Extended travelling by car - 6 month trip to México
Replies: 28 - Last Post: Aug 19, 2012 7:58 AM Last Post By: Elenamex
Aug 15, 2012 10:15 PM
15Now that you have been hammered to take the bus, look here. to begin learning about them.
Aug 15, 2012 10:33 PM
16Driving in Mexico
I am not sure how being from Portugal disqualifies somebody from driving in Mexico. I was a first time Mexico driver the first time I drove there. I would assume that anybody looking to drive in Mexico for six months has a cash reserve. In my state you can register a car with a PO box #. My insurance gives me thirty days to call them on a new car. Nogales is two hours max (with shopping) from Tucson. Mexican insurance is acquired over the internet, print at home, liability only, very cheap.
Only JFontes can say if car insurance is a problem. Same as buying a car in the states. Can a Portuguese citizen buy a car in Tucson? I think yes. An internet search says that a foreigner can buy a car in Mexico or the USA.
So a little research says the debate is about travel by bus over cars.
As far as travel in Mexico, I prefer the van. I am not trying to live in Mexico.

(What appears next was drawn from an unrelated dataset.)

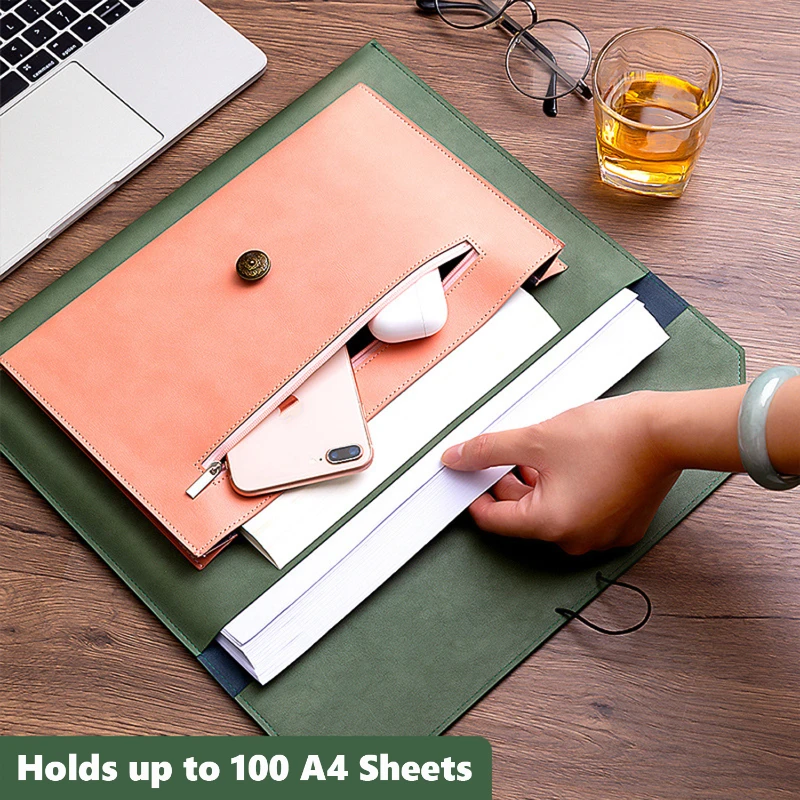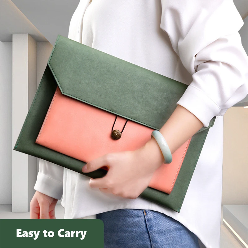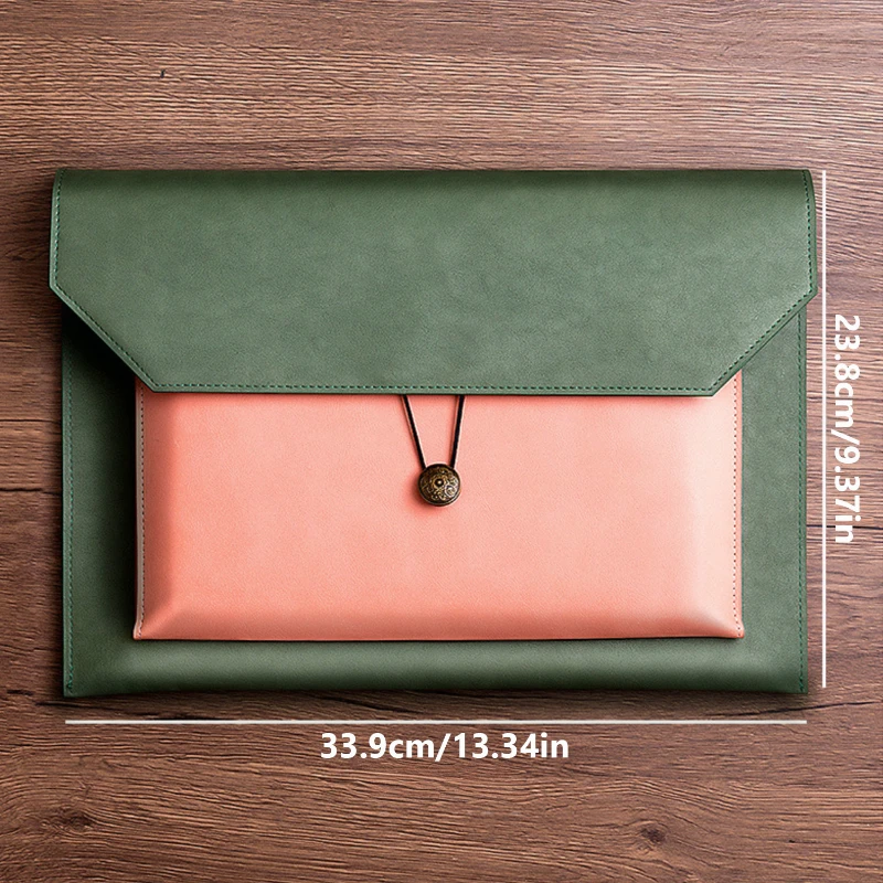 This elegant PU leather envelope document folder is designed to keep your important papers and devices protected in style. Measuring 13.34 × 9.37 inches, it features a smooth leather surface with fine stitching and a dual-pocket design—one large compartment for A4 documents, tablets, or notebooks, and a smaller front pocket for phones or accessories. The secure button-and-string closure adds a classic touch while preventing items from slipping out. Lightweight and durable, it’s ideal for business meetings, office use, school, or travel. Available in five vibrant colors to match your professional style.

I want to travel and see things, meet people, la aventura!
If the bus traveler can find it, hiking and hitching the eight miles to Playa Aventura, Guerrero, from the bus stop on the highway, I'll have been there and onward.
See you there!
Aug 15, 2012 11:37 PM
17In the past, I have sometimes enjoyed good trips driving around Mexico in vehicles that I, or my traveling companions, owned. But, most non-Mexicans who have had favorable driving experiences of that kind are residents of either the USA or Canada. Driving can be worth while for such people, especially when we travel into Mexico sharing vehicles with family members or friends.

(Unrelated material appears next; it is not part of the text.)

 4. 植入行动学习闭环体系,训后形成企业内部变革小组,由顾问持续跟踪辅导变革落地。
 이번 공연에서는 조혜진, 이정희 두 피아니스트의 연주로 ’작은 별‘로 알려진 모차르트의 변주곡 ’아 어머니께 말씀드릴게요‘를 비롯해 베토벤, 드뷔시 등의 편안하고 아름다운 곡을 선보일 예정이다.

But, for first timers, solo travelers, and visitors from other regions of the world (in other words, people resembling the original poster) using public transportation makes much more sense. Its cheaper and easier for solo travelers to move around within Mexico on buses , vans, taxis, etc. About 99% of the places international visitors to Mexico go can be reached using public conveyances, and so can much of the rest of the country.

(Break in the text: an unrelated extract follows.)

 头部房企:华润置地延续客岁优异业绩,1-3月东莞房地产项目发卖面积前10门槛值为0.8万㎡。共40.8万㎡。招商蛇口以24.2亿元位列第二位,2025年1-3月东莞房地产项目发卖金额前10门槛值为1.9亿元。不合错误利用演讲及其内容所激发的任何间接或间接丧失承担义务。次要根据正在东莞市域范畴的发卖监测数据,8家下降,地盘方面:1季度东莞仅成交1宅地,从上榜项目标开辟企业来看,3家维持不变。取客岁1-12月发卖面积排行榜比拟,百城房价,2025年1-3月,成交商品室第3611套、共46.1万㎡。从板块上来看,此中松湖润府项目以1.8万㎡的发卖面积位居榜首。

I like to hike and camp (trek) in remote mountain regions of Mexico. I find I can get pretty much wherever I want to go using public transportation. Even unpopulated locations can be accessed using taxi cabs based in towns.
Aug 16, 2012 4:03 AM
Aug 16, 2012 4:49 AM
Aug 16, 2012 9:00 AM
20I dunno Gortman, but registering a car in USA, at least in PA or NJ or NY or CA that I am familiar with, is an enormous hassle. I am glad that Rolly kicked in here as his blog is very sensible. And of those who live in MX like me, any bureaucratic interaction, we know well, is gonna take a coupla weeks and lots of wait time, lots of sitting in chairs before we find out we are in the wrong building to begin with.
I also would like to hear from OP - how is his Spanish? Do not assume that Portugues is Español - the countries hate each other and if you have ever tried to navigate Brasil on Mex Español you know - they do not understand each other. Or refuse to.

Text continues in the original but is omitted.